Socio-economic impacts from invasive species are also experienced in the forest industry. Social impacts within the forest industry itself can arise from a reduction in income for forestry workers who rely on stable and high wood supplies. Ontario’s forest industry is responsible for over 200,000 jobs across the province (OMNDMF 2011) (Ontario’s Biodiversity Strategy (MNR, 2011)), and the future of these jobs is uncertain as timber resources are threatened by invasive species.

The greatest direct economic impact of forest pest outbreaks is felt by the forestry sector, through reduced wood supply or through reduced wood quality.
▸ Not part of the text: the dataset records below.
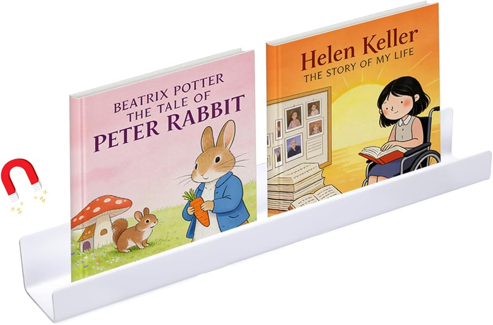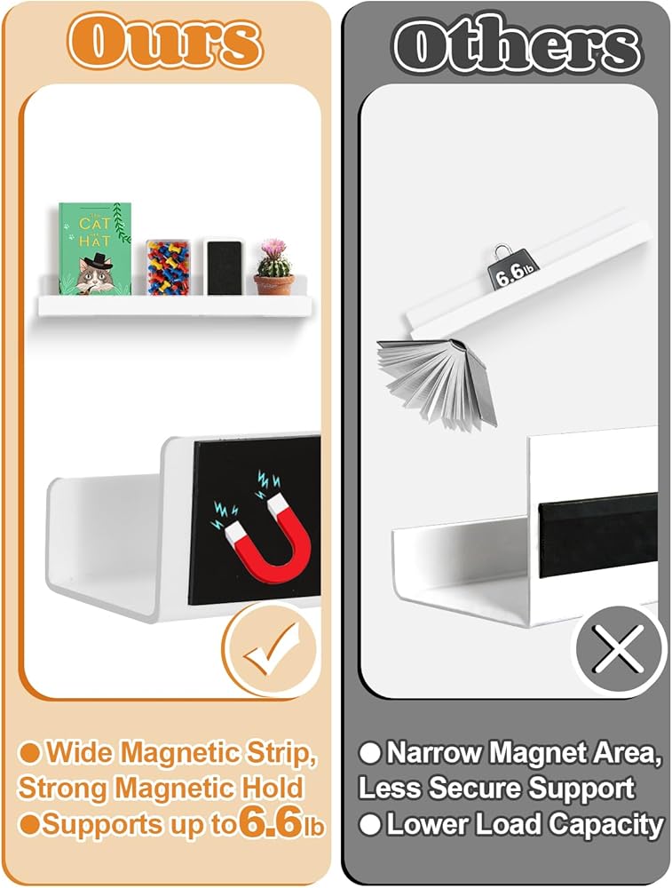 Strong Magnetic Hold: Built with a widened 2mm thick magnetic strip, this magnetic book shelf supports up to 6.6 lb and attaches securely without slipping. No drilling or damage required—simply place it on whiteboards, metal cabinets, or refrigerators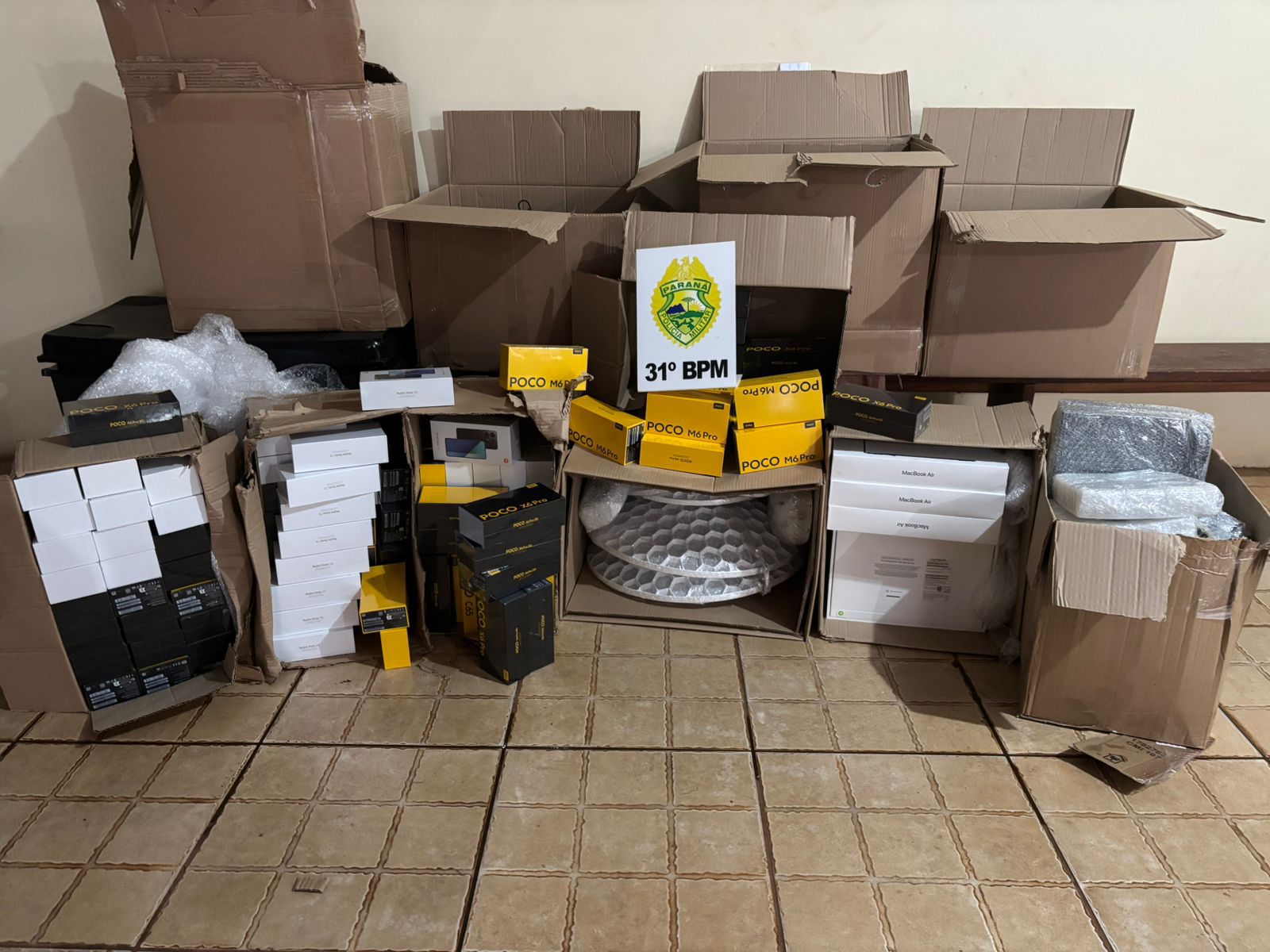 Aparelhos este celulares, notebooks e conector para internet fibra óptica, diante da constatação do descaminho o condutor juntamente com o veículo foi encaminhado até a Companhia para os procedimentos, sendo orientado pela Polícia Federal liberar o homem, apreender as mercadorias e o veículo e encaminhar a Receita Federal de Cascavel para os procedimentos.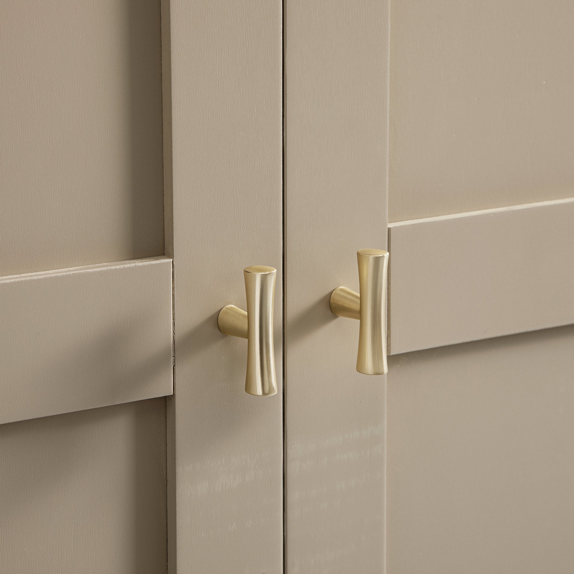 - Les portes à double panneau s'ouvrent en douceur pour révéler l'espace intérieur, tandis que les poignées en T dorées ajoutent une touche subtile de raffinement.

This can greatly lower revenues for forest companies due to reduced harvest levels, impacting the economic strength of the sector (NRCan, 2014). Pimental et al. (2005) estimate that $2.1 billion worth of forest products is lost each year to invasive species in the United States. Canada’s annual timber losses due to invasives are estimated at 61 million m3 which is equivalent to $720 million in losses (Canadian Action Plan for Invasive Alien Terrestrial Plant and Plant Pests (CFIA, September, 2004). 

There is special concern over the potential Asian longhorn beetle outbreak. This beetle attacks a wide range of hardwood trees and poses a threat to the hardwood products and maple syrup industries, whose products were valued in 1997 at $480 million and $130 million respectively (An Invasive Alien Species Strategy for Canada, 2004). 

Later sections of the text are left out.